The Japanese Language School of Cleveland (JLSC; クリーブランド日本語補習校 Kurīburando Nihongo Hoshūkō), a weekend Japanese supplementary school for Japanese nationals and Japanese Americans, previously held its classes in Regina High School. At the time its offices were in Hudson, and later, Twinsburg.

==Curriculum==
The school offered a variety of AP and Honors courses, some of which could be taken as college credit because of the school's affiliation with Notre Dame College.

==News==
In October 2009 it was announced that the school planned on closing its doors after the graduation of the class of 2010. A letter from the Board of Directors stated that economic downturn and drops in enrollment were the reason for the closing.

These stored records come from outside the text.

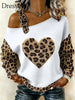 Damen Vintage Floral Heart Patchwork Print lässig schulter freies Sweatshirt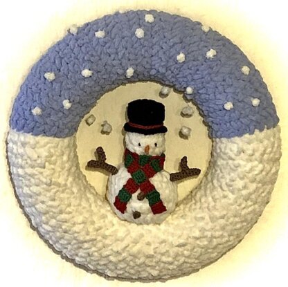 Crochet up this winterly Snowman Wreath for your home this Christmas.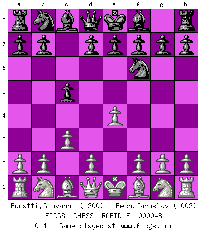 Last move : 0-1 2011 April 7 15:0:11 [Event "FICGS__CHESS__RAPID_E__000048"] [Site "FICGS"] [Date "2011.02.23"] [Round "1"] [White "Buratti,Giovanni"] [Black "Pech,Jaroslav"] [Result "0-1"] [WhiteElo "1200"] [BlackElo "1002"] 1.e4 c5 2.c3 Nf6 0-1 This chess game has been lost on time (started : 2011.02.23 5:42:27) Sicilian : Alapin's variation (2.c3) Player Black won this chess game. Follow this game move after move (download)A win by an unsound combination, however showy, fills me with artistic horror. (Wilhelm Steinitz) Wenn Dein Gegner dir ein Remis anbietet, versuch herauszufinden, weshalb er glaubt schlechter zu stehen. (Nigel Short) Tu eres para mi la Reina en d8 y yo soy el Peón en d7!!. (GM Eduard Gufeld) Le joueur d'Echecs qui veut atteindre le top est obligé de développer son propre credo créatif. Alexeï Stepanovicth Souétine. Il est facile d'écrire des livres ! Ce qui est difficile, c'est de jouer ! (Alexeï Stepanovicth Souétine) In fact if nothing is done against this teddy bear, hereby I announce that I would quit chess, rapid chess, blitz chess, postal chess, email chess, server chess and correspondence chess I will then switch to a table game where teddy bears aren't going to be seen for a while, like Poker, or Roulette, all 18+ games. (Elmer Valderrama)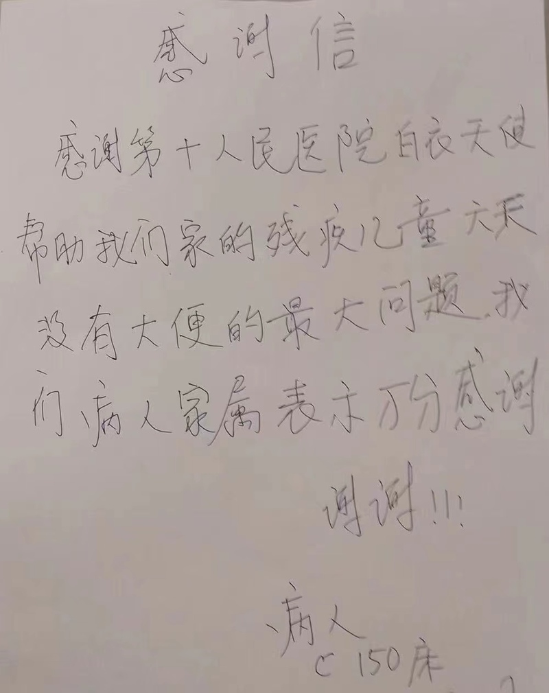 “感谢白衣天使帮助我们家的残疾儿童解决6天没有大便的问题。”近日,上海市民何先生在罗泾京东方舱医院里写下了质朴的感谢信。在这家方舱医院,同济大学附属第十人民医院的医生接诊了他的儿子轩轩,这个11岁男孩患有自闭症,一直伴有严重的便秘。与感染新冠病毒的父母一起入住方舱后,病毒感染加上饮食、环境的改变,让他的便秘愈发严重。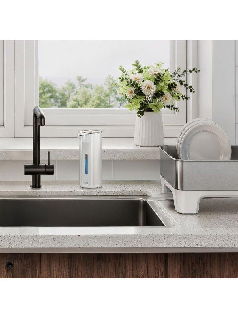 This touchless automatic liquid soap dispenser is a mess-free solution for your bathroom or kitchen sink, providing a hygienic, hands-free experience, detecting hands within an 8cm range and dispensing soap in just 0.2 seconds.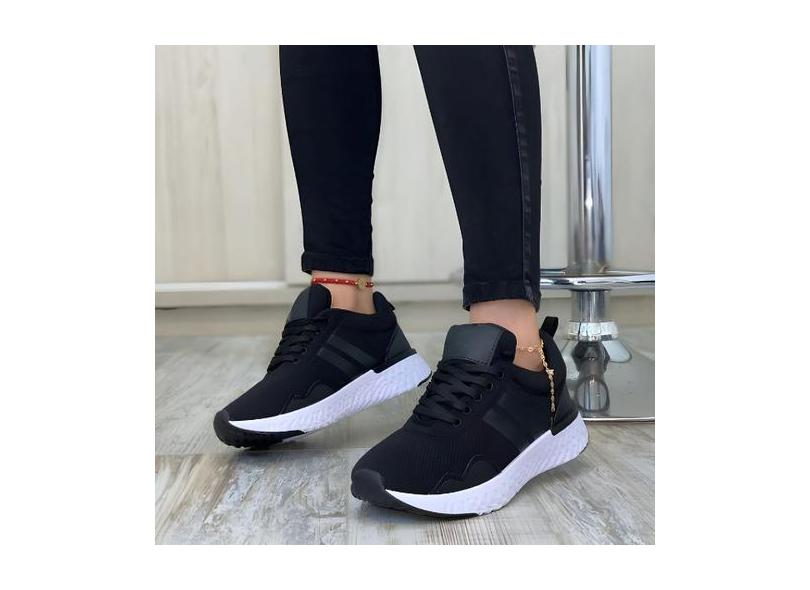 Tênis Feminino Academia Caminhada Ginastica Leve - T&C, Preto, Preto,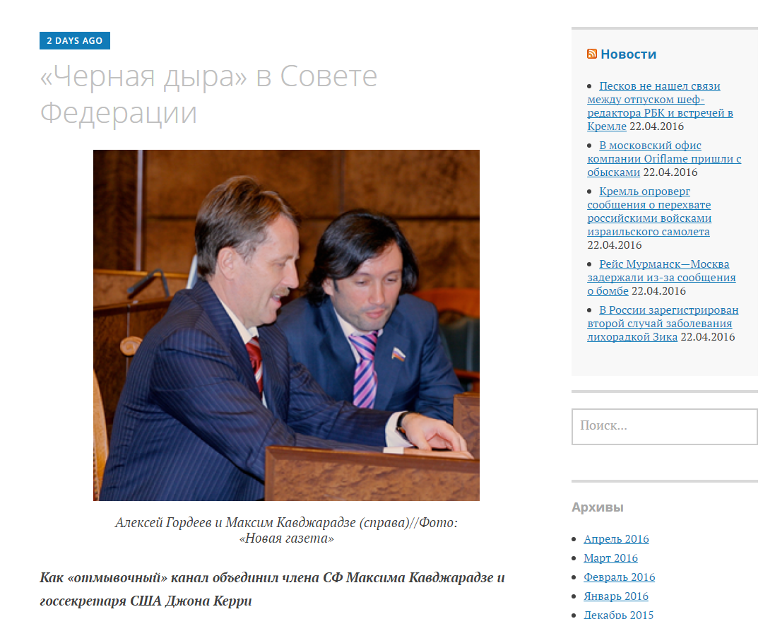 В значительной части своих выступлений сенатор делает отсылки к тому, как все замечательно в США, - отмечает издание. И не находит в этом ничего удивительного: «фирма, являющаяся совладельцем подконтрольных Кавджарадзе компаний, зарегистрирована в этой стране, а близкий друг Кавджарадзе, находящийся в розыске теневой банкир Джумбер Элбакидзе, и вовсе долгое время работал советником Джона Керри».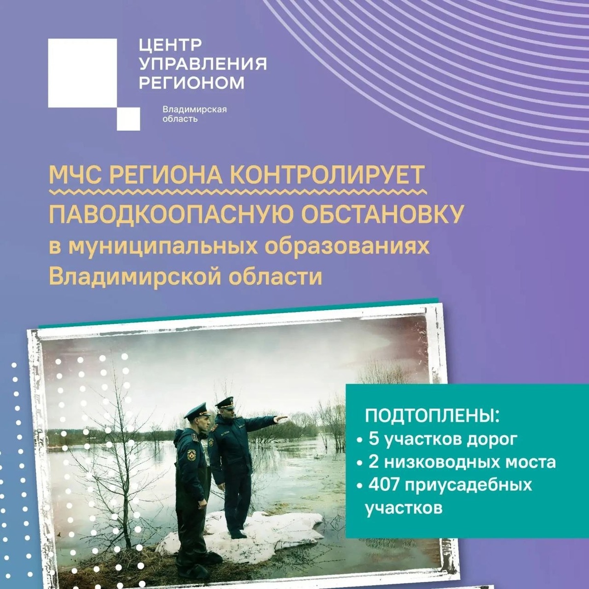 По информации МЧС России по Владимирской области паводковая ситуация в регионе постепенно стабилизируется: уровни воды в большинстве рек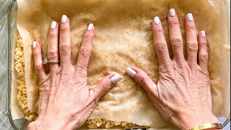 - Spread the mixture into the dish. Place a piece of parchment paper on top, and press down firmly to pack the mixture into the baking dish. Let it sit at room temperature for 30 minutes.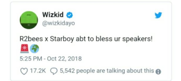 The anticipation for this new jamz was built by Wizkid who tweeted on Monday, 22nd of October that both him and R2Bees will soon be coming through to bless the speakers of fans. In his words, he said;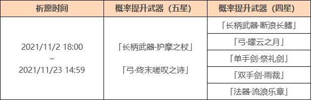 活动期间,限定四星武器「长柄武器·断浪长鳍」「弓·曚云之月」、四星武器「单手剑·祭礼剑」「双手剑·雨裁」「法器·流浪乐章」的祈愿获取概率将大幅提升!

The school faced scrutiny in 2003 when it barred a Muslim student from wearing a hijab to school, citing the dress code which stated that "[n]o hats, no bandannas or head wraps are permitted." The principal, Sr. Maureen Burke, said "I feel very bad about this situation. I've agonized over it[.]" The student, Amal, told the press, "[a]ll along, they gave me a room to pray in. They asked me questions about Islam. They always accepted me for who I was. Now they have decided it is against school policy to wear my hijab."